Social Security Taxes
Social Security Taxes; Source- Yahoo Finance

January 29 marks the start of the 2024 tax year. Many have already completed the forms and made the necessary computations; while some may be rewarded with the anticipated refund, others will learn that they owe Uncle Sam money. If the latter applies to you, keep reading to learn more about the potential causes of your IRS debt.

Social Security Taxes

Social Security Taxes; Source- Forbes

Completion Of Form W-4

In 2023, if you changed jobs, you were required to complete Form W-4. The personal information reported in this document is used to calculate the appropriate amount of withholding from your income. These details include the status of your filing, if you or your spouse work multiple jobs, whether you have any other tax credits or dependents, and whether you have any other taxable income. Any change in this information from year to year may have an impact on the withholding rate and result in a debt to the Treasury.

Self Employment To Make Ends Meet

Many people search for a side job in the vast realm of self-employment to make ends meet. When it comes to taxes, freelance writers and Uber drivers are in a different league altogether. In theory, you have to figure out and pay the appropriate taxes for each work you complete if your employer doesn’t withhold money from your paycheck. The payment is often done every quarter, and failing to make it or doing it incorrectly might get you into trouble with the tax authorities. Your tax status is affected if you are married or divorced, have children, are widowed (sadly), or have children who are older than 18. In particular, if your children have flown the nest, you will have to pay more in taxes because you are unable to claim the child tax credit.

Unemployment Benefits

You might have accrued a debt to the government even if you lost your job, got unemployment benefits, and subsequently found another job. Recall that as of 2021, unemployment benefits are subject to taxes. If you are among those who still include all of your deductions, you can discover that you have a debt rather than a refund. It’s possible that last year’s tax circumstances were different due to reduced medical costs, the completion of student loan or mortgage repayment, or both. Any of these adjustments removed a deductible item, which might have reduced your reimbursement or put you in debt.

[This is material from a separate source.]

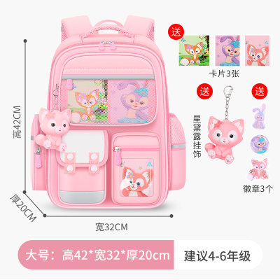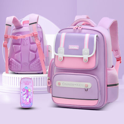 醇龙 减负护肩大容量耐磨小学生书包 0428 小号三件套粉色(适合1-3年级)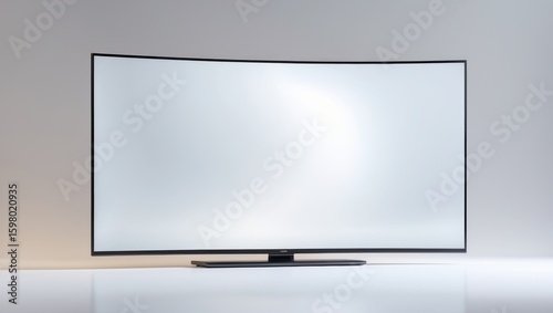 A sleek modern television set with a thin bezel placed on a minimalist surface against a plain wall.

You might have moved into the next tax rate if your pay increased the previous year. In the 22% bracket is a single individual whose income falls between $44,725 and $93,375. You reach the 24% bracket after you cross that upper bound. You might have accrued debt if you didn’t modify your withholding following your rise. Similarly, you may have had fewer tax liabilities due to your higher income if it disqualified you from the revenue that is generated by the tax credit. You will be required to pay taxes on the gains of your investment if you invested last year, regardless of whether it was in real estate, individual stocks, ETFs, cryptocurrencies, or any other category the IRS considered.